Toronto Star

Court upholds net neutrality rules for Internet access

U.S. decision requires providers to treat all web traffic equally

- SAM HANANEL AND TALI ARBEL

WASHINGTON— In a big win for the Obama administra­tion, a U.S. federal appeals court has upheld the U.S. government’s “net neutrality” rules that require Internet providers to treat all traffic equally.

The 2-1 ruling Tuesday from the U.S. Court of Appeals for the District of Columbia Circuit is a victory for consumer groups and content companies such as Netflix that want to prevent online content from being blocked or channelled into fast and slow lanes.

The rules treat broadband service like a public utility and prevent Internet service providers from offering preferenti­al treatment to sites that pay for faster service.
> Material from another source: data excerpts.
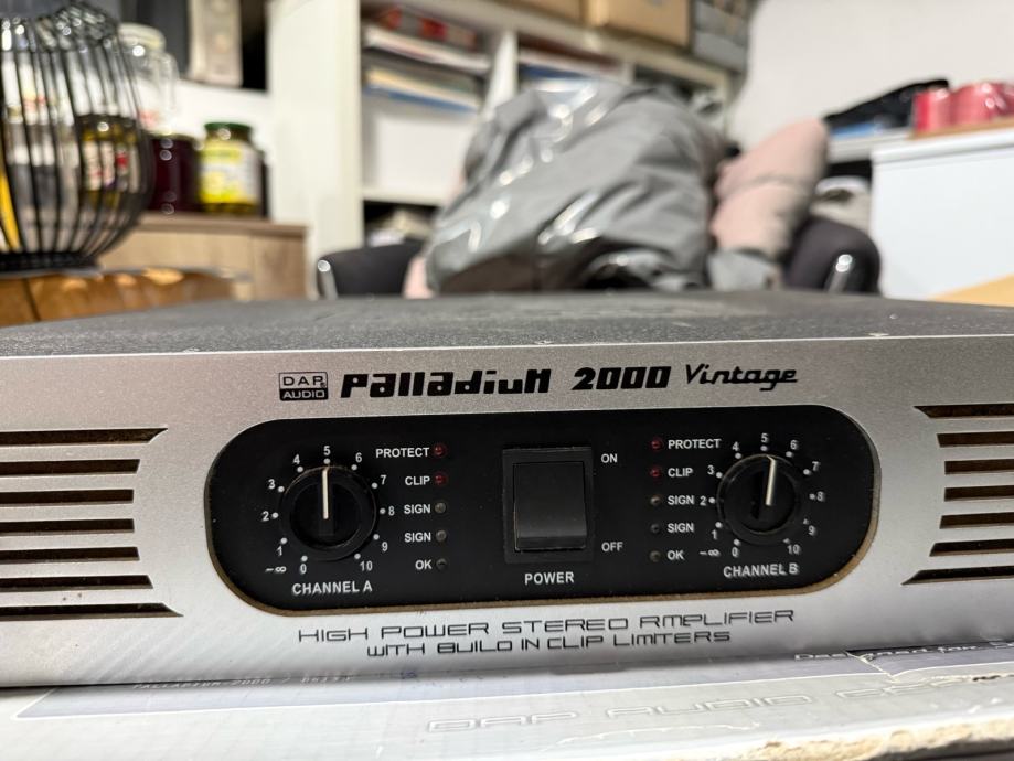 Prodajem vintage DAP Audio Palladium 2000 pojačalo s ugrađenim limitatorima, idealno za profesionalnu audio opremu. Ovo snažno stereo pojačalo visokih performansi savršeno je za ozbiljne audiofile i glazbenike. Uređaj je u dobrom stanju i spreman za korištenje u vašem audio sustavu.
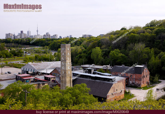 Old industrial buildings of Don Valley Brick Works with Toronto downtown skyline and CN Tower in the background Currently Evergreen plans to develop these abandoned buildings into a cultural centre with a focus on the environment
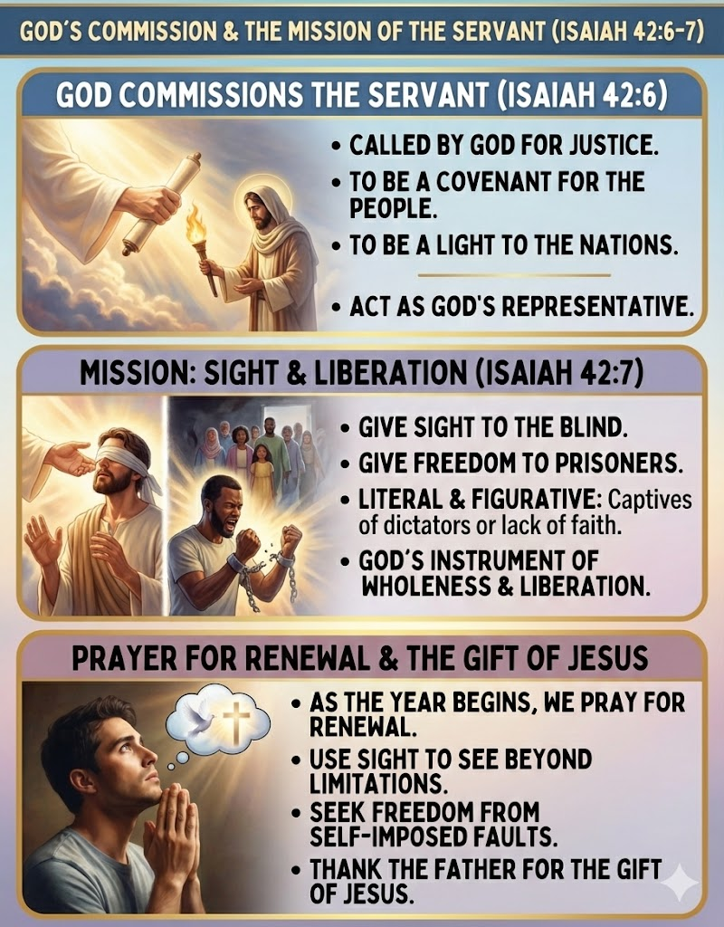 The text on the graphic (“Here is my servant whom I uphold”) is a direct quote from Isaiah 42:1 (the First Servant Song). However, the first reading this week is from, Isaiah 49:5–6, is the Second Servant Song. Because both passages describe the same Messiah and his mission, the graphic fits Isaiah 49 distinctively well.
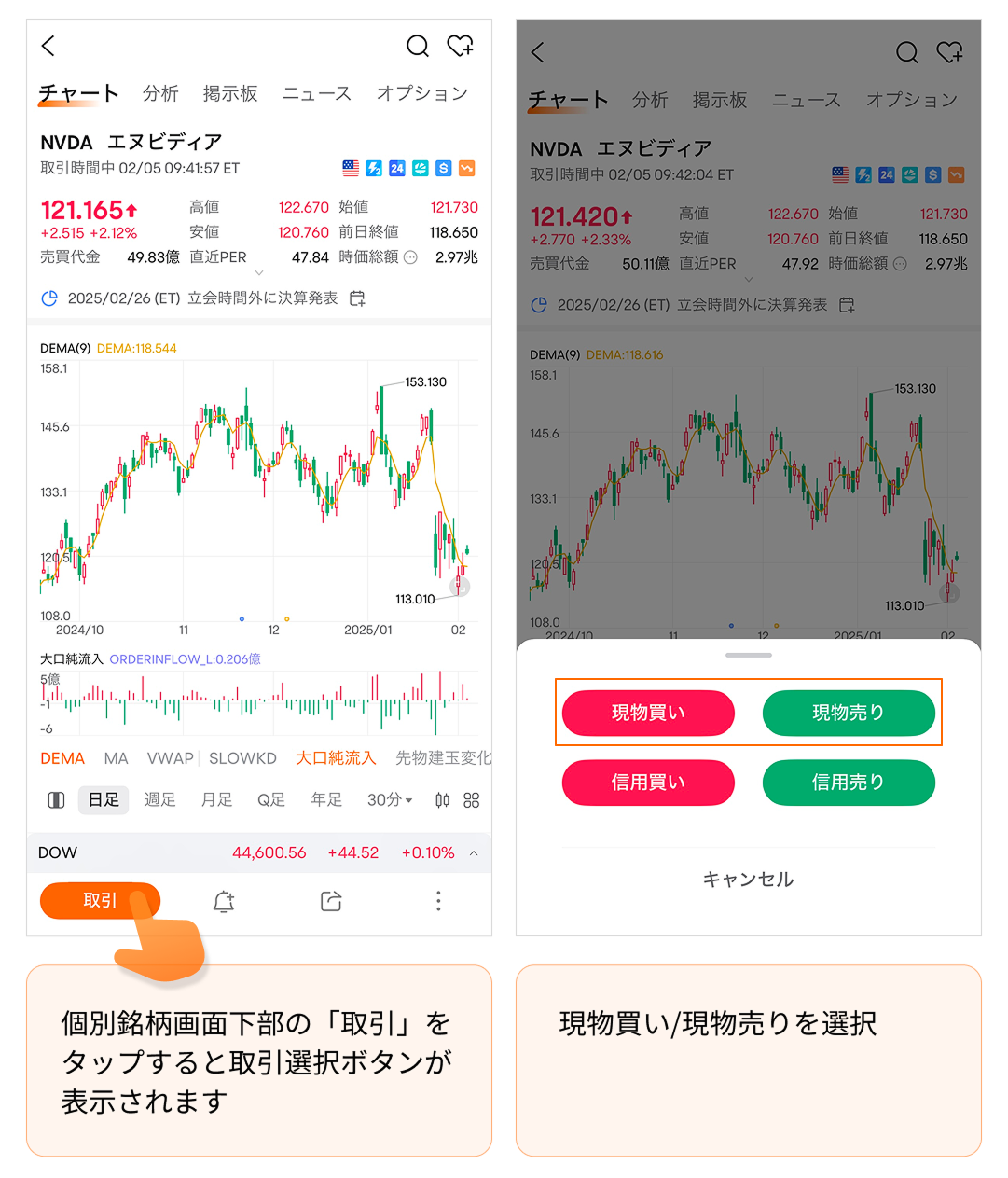 注文は、現物口座または個別銘柄の「取引」画面から、現物買い/現物売りを選択して行います。

Consumers are not likely to see an immediate impact, since the rules have been in effect since last June.

But it could make some services more expensive or limit some content, such as T-Mobile’s Binge On service that allows customers to watch unlimited video free. The Federal Communicat­ions Commission argued that the rules are crucial for allowing customers to go anywhere on the Internet without a provider favouring its own service over that of other competitor­s.

The FCC’s move to reclassify broadband came after U.S. President Barack Obama publicly urged the commission to protect consumers by regulating Internet service as it does other public utilities.

The agency has tried for years to enforce net neutrality, but the same appeals court had twice previously struck down similar rules.

Cable and telecom opponents claim the rules prevent them from recovering costs for connecting to broadband hogs such as Netflix that generate a huge amount of Internet traffic. Providers such as Comcast, Verizon and AT&T say the rules threaten innovation and undermine investment in broadband infrastruc­ture.

But judges David Tatel and Sri Srinivasan denied all challenges to the new rules, including claims that the FCC could not reclassify mobile broadband as a common carrier. That extends the reach of the new rules as more people view content on mobile devices.

The telecom industry had argued that broadband was an informatio­n service, and the FCC didn’t have the authority to change in which camp it fell. But the court ruled that the FCC was justified in reclassify­ing broadband as a telecom utility because consumers see broadband as a pipe for Internet service and a way to get online to use websites and apps.

“Given the tremendous impact thirdparty Internet content has had on our society, it would be hard to deny its dominance in the broadband experience,” the judges said.

“Over the past two decades, this content has transforme­d nearly every aspect of our lives, from profound actions like choosing a leader, building a career and falling in love to more quotidian ones like hailing a cab and watching a movie.

“The same assuredly cannot be said for broadband providers’ own add-on applicatio­ns.”

Judge Stephen Williams dissented in part and said he would have struck down the rules.